The GOP-controlled House unveiled slashing cuts to the budget of the Internal Revenue Service on Tuesday, punishing the beleaguered agency after it targeted tea party groups and other nonprofits seeking tax-exempt status.
The agency's 2014 budget would be cut by $3 billion, or 24 percent below levels approved in March. Also, 10 percent of its budget for tax enforcement would be fenced off until the IRS implements recommendations by an agency watchdog designed to prevent further abuses.
The IRS cuts come after a wave of bad publicity for the agency including questionable spending on conferences like a lavish $4.1 million event in 2010 that included a "Star Trek" video parody and a $17,000 payment to a motivational speaker who was a painter.
President Barack Obama had requested a $1 billion increase for the IRS.
"Right now I can't think of a federal agency in a worse position to ask for more money," said Rep. Kevin Brady, R-Texas.
The Appropriations Committee also revealed cuts to NASA, White House salaries, and the Securities and Exchange Commission. The full House took up a $30.4 billion measure funding the Energy Department and water projects that is about $3 billion below levels enacted earlier this year. Democrats protested cuts to clean and renewable energy programs.
Democrats controlling a Senate panel, meanwhile, went in a wholly opposite direction in giving a $1.3 billion increase to the IRS, the agency chiefly responsible to implement Obama's signature health care law.
At issue are the annual spending bills funding the day-to-day operations of federal agencies. The GOP-controlled House and Democratic-led Senate are acting as if on different planets, with the Senate ignoring deep automatic spending cuts and the House promising even more punishing cuts to domestic programs while restoring cuts to the Pentagon.
The House is drafting spending bills in line with a $967 billion "cap" required by automatic cuts that took effect in March after Washington failed to agree on an alternative mix of tax increases and cuts elsewhere in the $3.5 trillion federal budget. The Senate is writing bills to a $1.058 trillion cap, almost a full 10 percent higher. But the House GOP cuts to domestic programs are greatly magnified by a $41 billion shift from nondefense programs like NASA, education and research on renewable energy to the Pentagon.
The result are night-and-day differences between the House and Senate spending bills illustrated most dramatically by a $164 billion Senate measure unveiled Tuesday by liberal Democrat Tom Harkin of Iowa.

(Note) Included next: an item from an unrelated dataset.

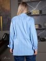 Стильная блуза-рубашка из эластичной, смесовой ткани с рисунком в полоску. Модель прямого силуэта, с воротником-стойкой. Рукав длинный, с притачной манжетой. Манжета двухслойная и имеет оригинальную конструкцию: верхнюю часть манжеты можно носить «на отворот», тем самым делая рукав чуть короче. На нижней части манжеты нанесён яркий принт. Аналогичные принты расположены на стойке и нагрудном кармане. По спинке проходит внутренняя кулиса с затяжкой, с помощью которой можно моделировать силуэт блузы на свое усмотрение. Это модная и оригинальная вещь, которая прекрасно впишется в Ваш гардероб как самостоятельное изделие, а также станет незаменимой при создании разнообразных комплектов.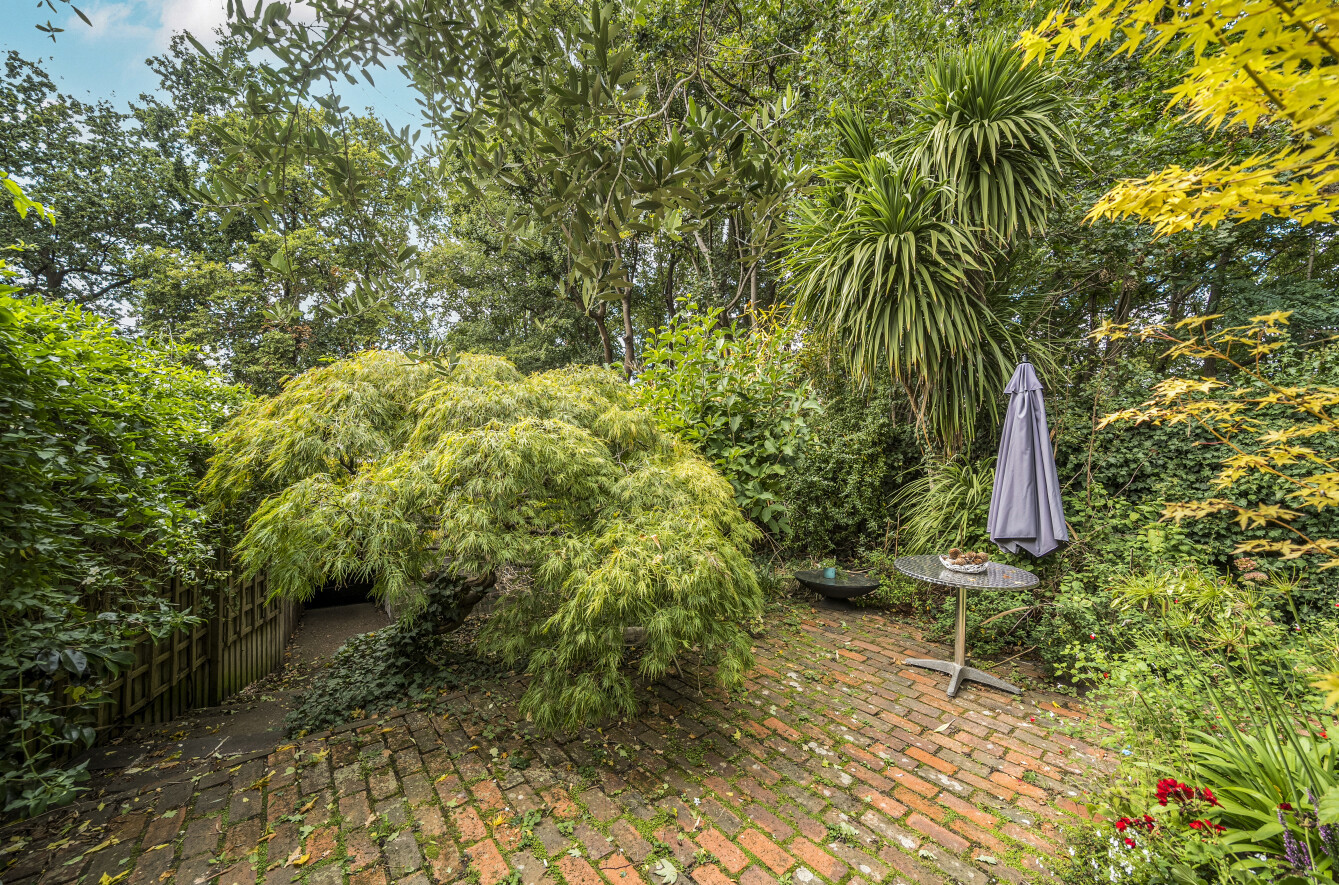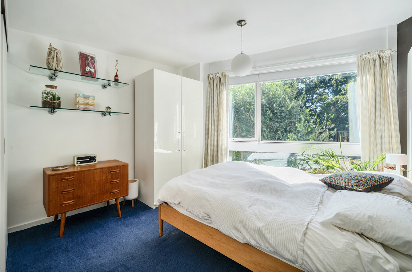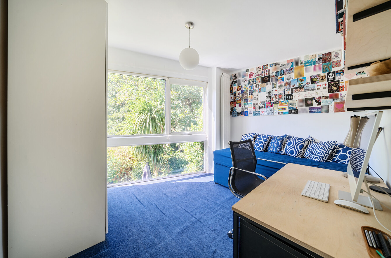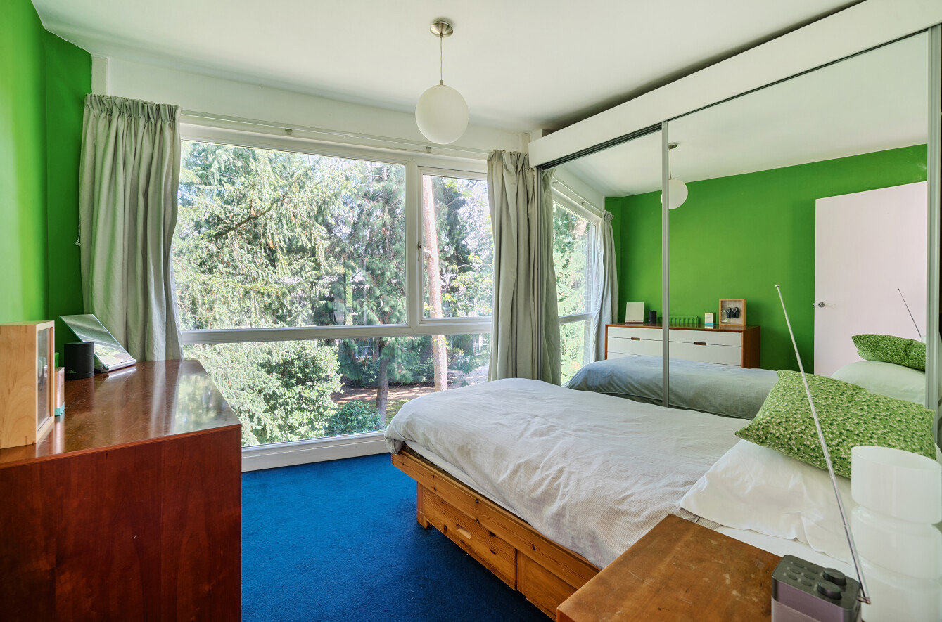 The main reception room offers expansive views over the well-maintained communal grounds and surrounding woodland, while the dining room and study benefit from nearly full-height glazed doors opening onto the private garden, creating a seamless indoor-outdoor connection. The sleek, modern kitchen also enjoys direct garden access, and a guest WC completes the ground floor.

The measure, which funds education, health and labor programs, is a full 26 percent more generous to such programs than an as-yet-unreleased House version.
So even as advocates for the poor worry about budget cuts forcing poor preschoolers from Head Start, the Senate measure promises to increase the program by $1.6 billion or about 20 percent. Health research would win a small increase, as would Title I grants to help educate disadvantaged school children.
Republicans say the Senate bills are filled with empty promises. Even if they were enacted over GOP opposition, they would be subject to across-the-board cuts known as sequestration that would bring them down to the $967 billion level embraced by Republicans. Sequestration is required because Congress and Obama have failed to follow up a 2011 budget pact with deficit cuts other than a bitterly fought tax increase on upper-bracket earners.
Democrats say that Republicans are offering empty promises as well — to defense hawks upset by sequestration. The House GOP increases to the Pentagon would be automatically rolled back through sequestration, as would Senate Democrats' efforts to increase domestic programs.
By contrast, the House measures revealed Tuesday are laced with painful cuts. While the FBI is exempted, NASA would absorb an almost $1 billion cut below 2013 levels. Spending on federal buildings would be cut $2.4 billion below Obama's request and the U.S. Marshals Service, the federal prison system and the Drug Enforcement Administration would also have to absorb cuts.
"At some point, there is no 'doing more with less,'" said Rep. Debbie Wasserman Schultz, D-Fla. "There is only less."
Absent a broader agreement on the budget, the rival chambers of Congress are on a collision course facing a potential government shutdown when current-year funding runs out on Sept. 30. A shutdown is unlikely, but avoiding one would require a stopgap funding measure to keep the government running after that date.